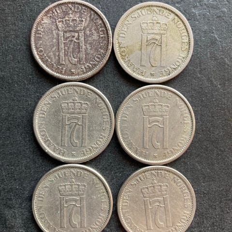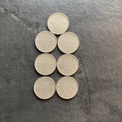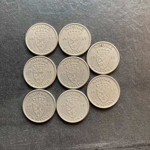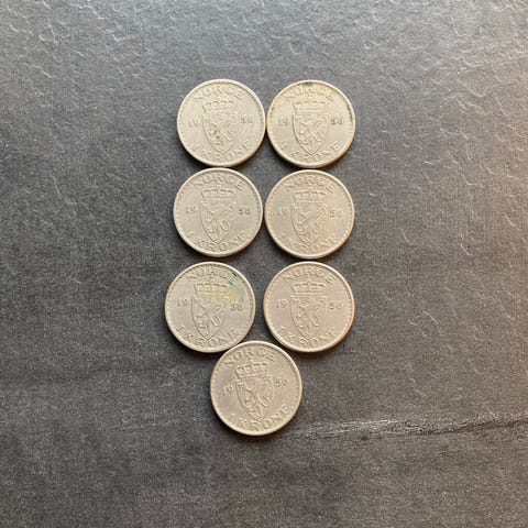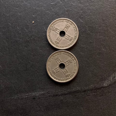 Norske mynter 1 krone med hull 4 stk
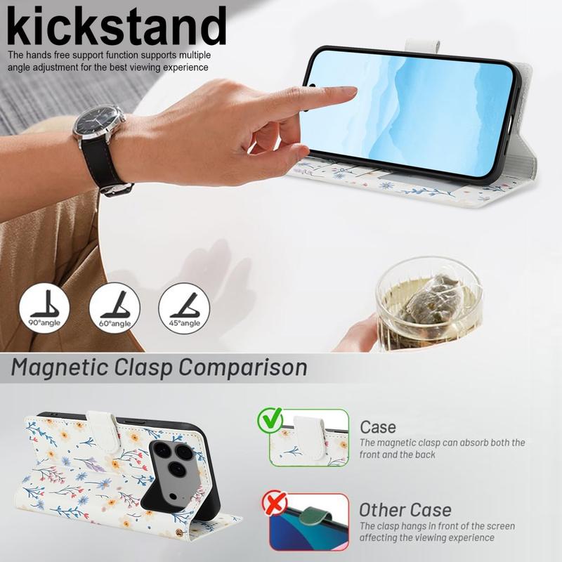 Uppdatera din iPhone 17 Pro med en tunn flip-plånbok som kombinerar säkert skydd och praktisk användning i vardagen. Den rombiskt sydda fronten och det småblommiga mönstret ger en elegant stil, medan ett mjukt TPU-skal dämpar fall och ett polyuretanomslag skyddar mot repor. Flera kortplatser, en kontantficka och en medföljande handledsrem gör det här fodralet till den perfekta lösningen för pendling, resor eller utekvällar.
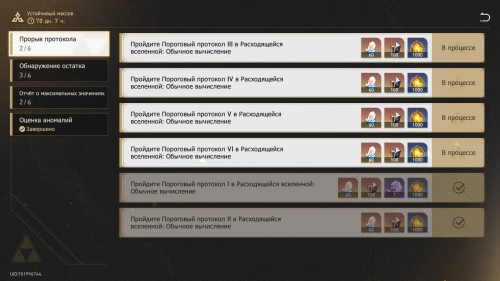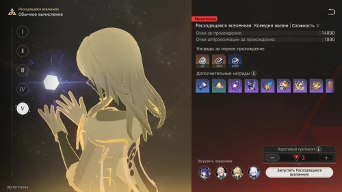 Является постоянным режимом. Разведку в нем можно пройти на пяти различных сложностях. Стоит отметить, что при достижении высокого Уровня Равновесия и выборе слишком простого испытания вы не получите очки аппроксимации и другие награды Виртуальной вселенной. Если же вам наоборот хочется проверить своих бойцов в более жестких условиях, то вы можете запустить Пороговый протокол. За первое прохождения каждого уровня сложности вы будете получать дополнительные награды.

EXERCISE OBJECTIVE = Please transcribe each line above exactly, but leave the images out.

PROBLEM SOLUTION =
 Norske mynter 1 krone med hull 4 stk
 Uppdatera din iPhone 17 Pro med en tunn flip-plånbok som kombinerar säkert skydd och praktisk användning i vardagen. Den rombiskt sydda fronten och det småblommiga mönstret ger en elegant stil, medan ett mjukt TPU-skal dämpar fall och ett polyuretanomslag skyddar mot repor. Flera kortplatser, en kontantficka och en medföljande handledsrem gör det här fodralet till den perfekta lösningen för pendling, resor eller utekvällar.
 Является постоянным режимом. Разведку в нем можно пройти на пяти различных сложностях. Стоит отметить, что при достижении высокого Уровня Равновесия и выборе слишком простого испытания вы не получите очки аппроксимации и другие награды Виртуальной вселенной. Если же вам наоборот хочется проверить своих бойцов в более жестких условиях, то вы можете запустить Пороговый протокол. За первое прохождения каждого уровня сложности вы будете получать дополнительные награды.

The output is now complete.